A number of present and anticipated developments will give activist investors new tools to carry on campaigns against public companies. Issuers should be aware of these matters and continue to monitor their investor relations functions and takeover defenses with respect to activist investors.

Activists Can Round Out Short Slate Nominees Using Nominees of Another Activist

The short slate rule was originally adopted to help dissident shareholders propose less than a majority of the board in their slate while still permitting a dissident to vote for certain directors on the management slate. The short slate rule was necessary as the bona fide nominee requirement in the proxy rules prohibited a dissident shareholder from soliciting proxies to vote for members of the management slate since the members of the management slate had not consented to being named in the dissident’s proxy statement.
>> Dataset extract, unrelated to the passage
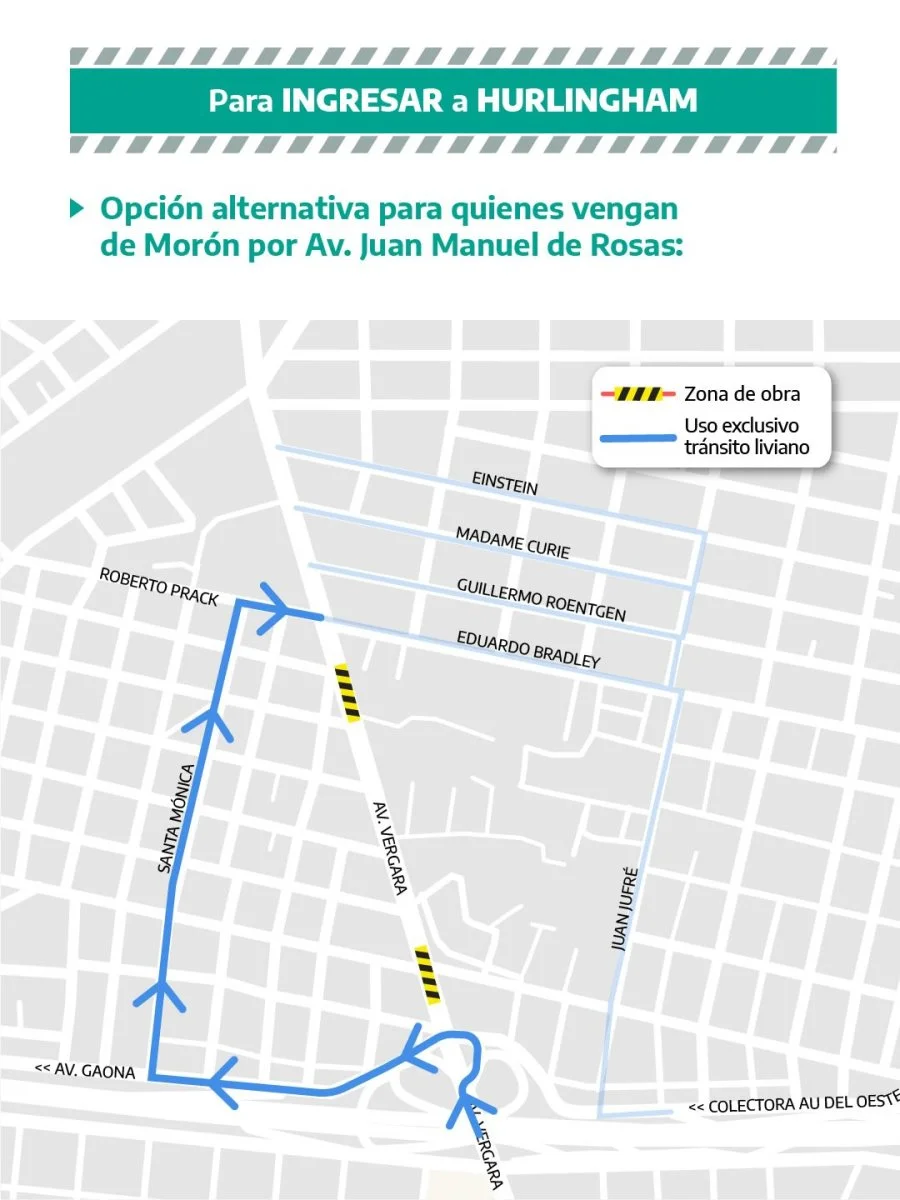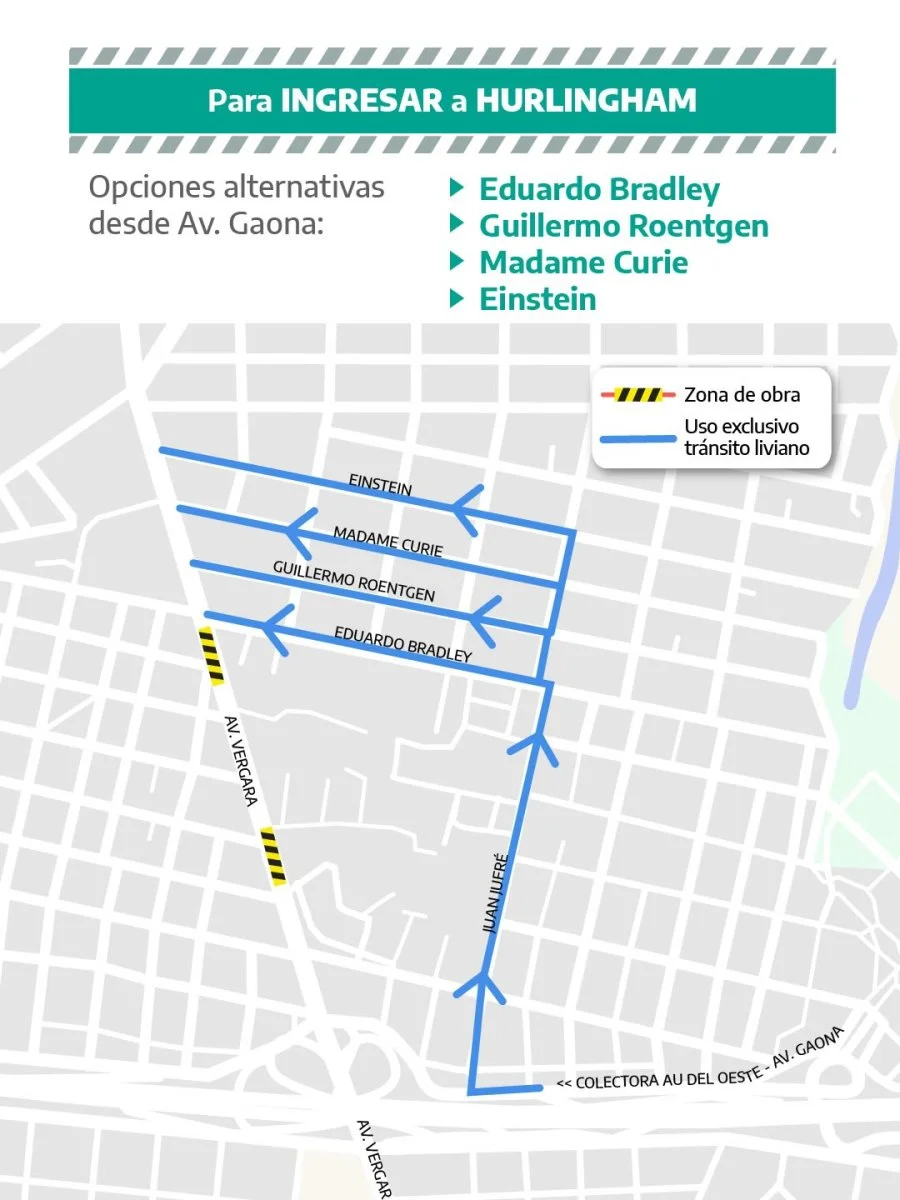 Por otro lado, para ingresar a Hurlingham, las opciones alternativas desde Gaona son: Eduardo Bradley, Guillermo Roentgen, Madame Curie y Einstein, también para uso exclusivo de tránsito liviano.

Without the short slate rule, a shareholder would be forced to choose from voting for only the dissident’s short slate, and not being able to exercise voting rights with respect to other directors on the one hand, or choosing to vote for the full management slate on the other hand. The short slate rule permits a dissident to “round out” its slate with certain management nominees by designating members of the management slate it will not vote for, while committing to exercise the proxy for other members of the management slate.
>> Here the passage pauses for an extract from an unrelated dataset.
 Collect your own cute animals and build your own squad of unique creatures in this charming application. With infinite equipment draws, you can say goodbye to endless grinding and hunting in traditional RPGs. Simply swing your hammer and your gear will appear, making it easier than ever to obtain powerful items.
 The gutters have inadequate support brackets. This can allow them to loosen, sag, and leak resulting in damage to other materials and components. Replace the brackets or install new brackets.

Activist investors Carl Icahn and Eastbourne Capital Management (ECM) changed this balance of power somewhat as a result of recent no-action letters issued in connection with the annual stockholder meeting of Amylin Pharmaceuticals, Inc. Icahn owns 9.4% of Amylin stock, while ECM owns 12.5% of Amylin stock. Amylin does not have a staggered board, and there are twelve directors up for election at its annual meeting. Icahn and ECM separately notified Amylin that they each intend to propose a slate of five nominees in connection with Amylin’s annual meeting.
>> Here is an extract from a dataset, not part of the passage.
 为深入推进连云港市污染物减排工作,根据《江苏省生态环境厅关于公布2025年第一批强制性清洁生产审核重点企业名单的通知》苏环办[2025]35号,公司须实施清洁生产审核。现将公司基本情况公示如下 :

Under the no-action letters issued by the SEC, the SEC stated it would not take any action if, subject to certain restrictions, Icahn and ECM seek authority to vote for each other’s nominees, instead of rounding out their slate with management nominees. Thus, the collective dissidents have significantly greater power to influence the election of ten directors on their collective dissident slates, instead of only five, as would be allowed under strict application of the short slate rules.

One requirement of the SEC in the no-action letters is that Icahn and ECM do not act as a group under the 13D rules. Note, however, that while their combined voting power will give them a significant advantage in electing their respective slates, it will not trip a shareholder rights plan, or so-called poison pill, since they are not a group.

Proposed Changes to Delaware Law

Proposed amendments to the Delaware corporate law would permit the bylaws of a Delaware corporation to provide that:

  • The corporation may be required to include in its solicitation materials (including any form of proxy it distributes) one or more individuals nominated by a stockholder in addition to the individuals nominated by the board of directors when the corporation solicits proxies for the election of directors.
  • The corporation would reimburse a stockholder for the expenses such stockholder incurred in soliciting proxies in connection with an elec¬tion of directors, subject to the conditions and procedures prescribed by the bylaws.

Inclusion of the new provisions in the bylaws may not be entirely optional to a corporation’s board of directors. Note that, in certain circumstances, stockholders can propose that bylaws be amended.

Other Potential Changes

Other likely changes include:

  • Potential SEC rules that permit a shareholder to nominate directors and include the nomina¬tion in the issuer’s proxy statement. As a result, the shareholder will not have to go to the time and expense of preparing its own proxy state¬ment.
  • Potential SEC rules or legislation that gives shareholders an advisory vote on compensation of corporate executives.